Ese anunciar el Evangelio por Internet me parece un acierto: si Pepiño Blanco tiene un blog, no entiendo la razón por la que Rouco Varela no puede hacerse mandar uno o hacerlo él mismo. Aquello de que los caminos del Señor son inescrutables vale para estos tiempos y sus locos cacharros: vale que la Iglesia, siempre a rebufo de la sociedad y de las normas invisibles que la corrigen, enderezan, retuercen o estiran, se dedique ahora a buscar al feligrés en casa. Ya habrá tiempo de que abandone la banda ancha casera, se ponga el traje de calle y busque el templo más cercano. No sé si el apabullante contraste entre las redes sociales (twitter, facebook y toda esa inasequible bandada de nombrajos) y la vida real traerá algún disgusto teológico al nuevo feligrés.
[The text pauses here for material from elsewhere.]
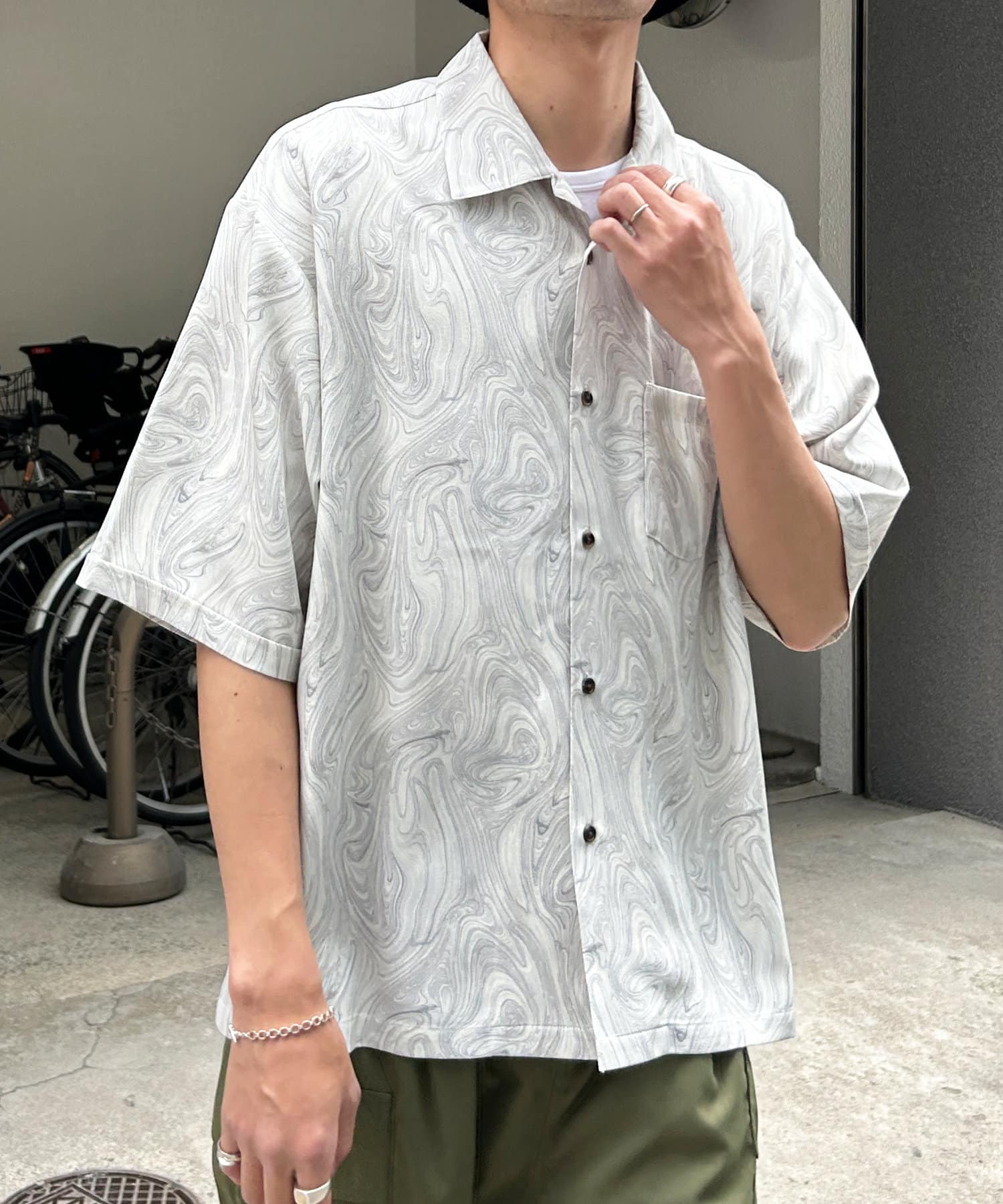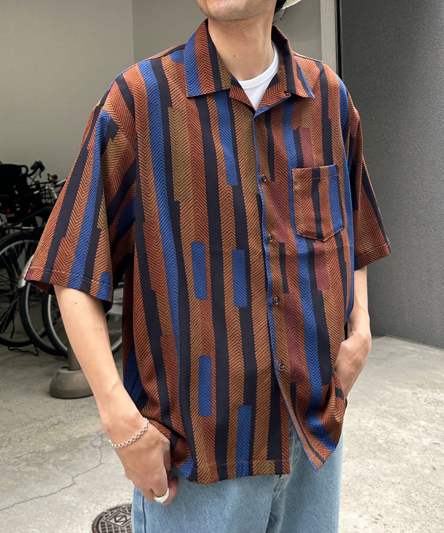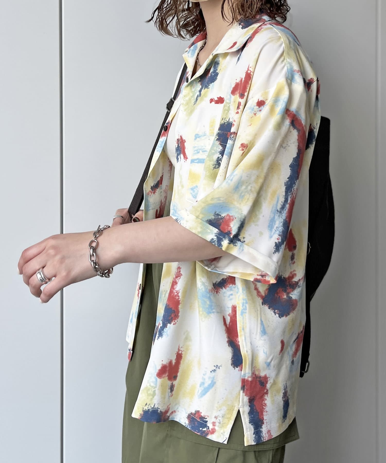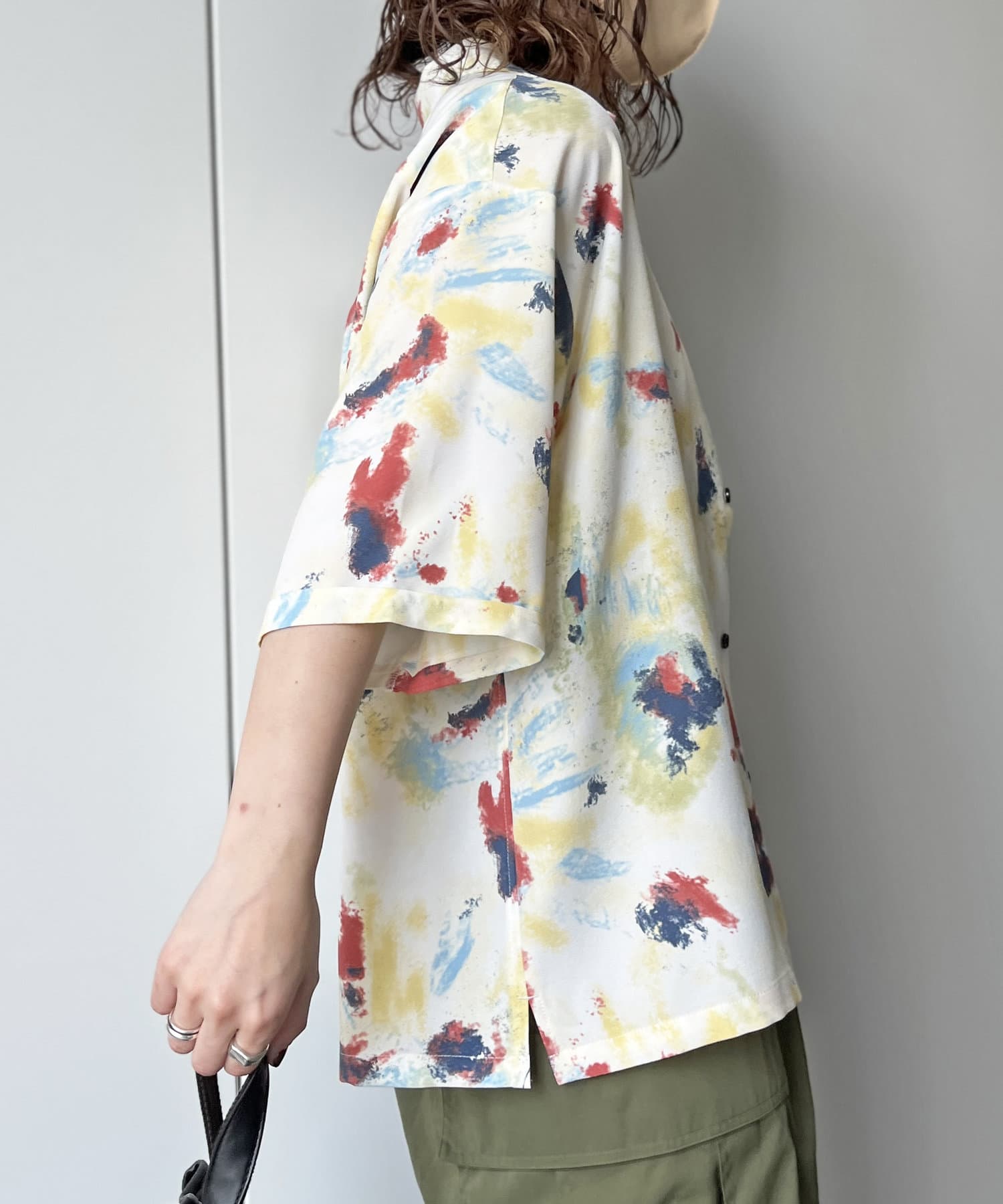 高級感のあるサラッとした素材のシャツです、トップスの主役としてコーデのアクセントにぴったりな総柄開襟シャツです。

Si haber visto a Dios en el Mozilla o en el Explorer deja huella en el alma al modo en que la deja haberlo visto en la iglesia, a pie de altar, en su contexto idílico. Hablaba anoche, en un bar, feliz en la charla, sobre lo cristiano y sobre lo que no lo es, sobre la inacción de Dios en Haiti o sobre su debido silencio. Nos extraviábamos en lindezas metafísicas mi amigo J.C. y yo. Quedábamos en que lo hermoso es el lenguaje, que lo impregna todo y esclaviza el pensamiento. El esplendor de la amistad da para estas diatribas teológicas junto a una cerveza. Luego viene el Papa Ratzinger buscando parroquianos 2.0. Los nuevos catecismos estarán en blogs, en mensajes de texto. Seducir al distraído con sus armas. Es la catequesis digital.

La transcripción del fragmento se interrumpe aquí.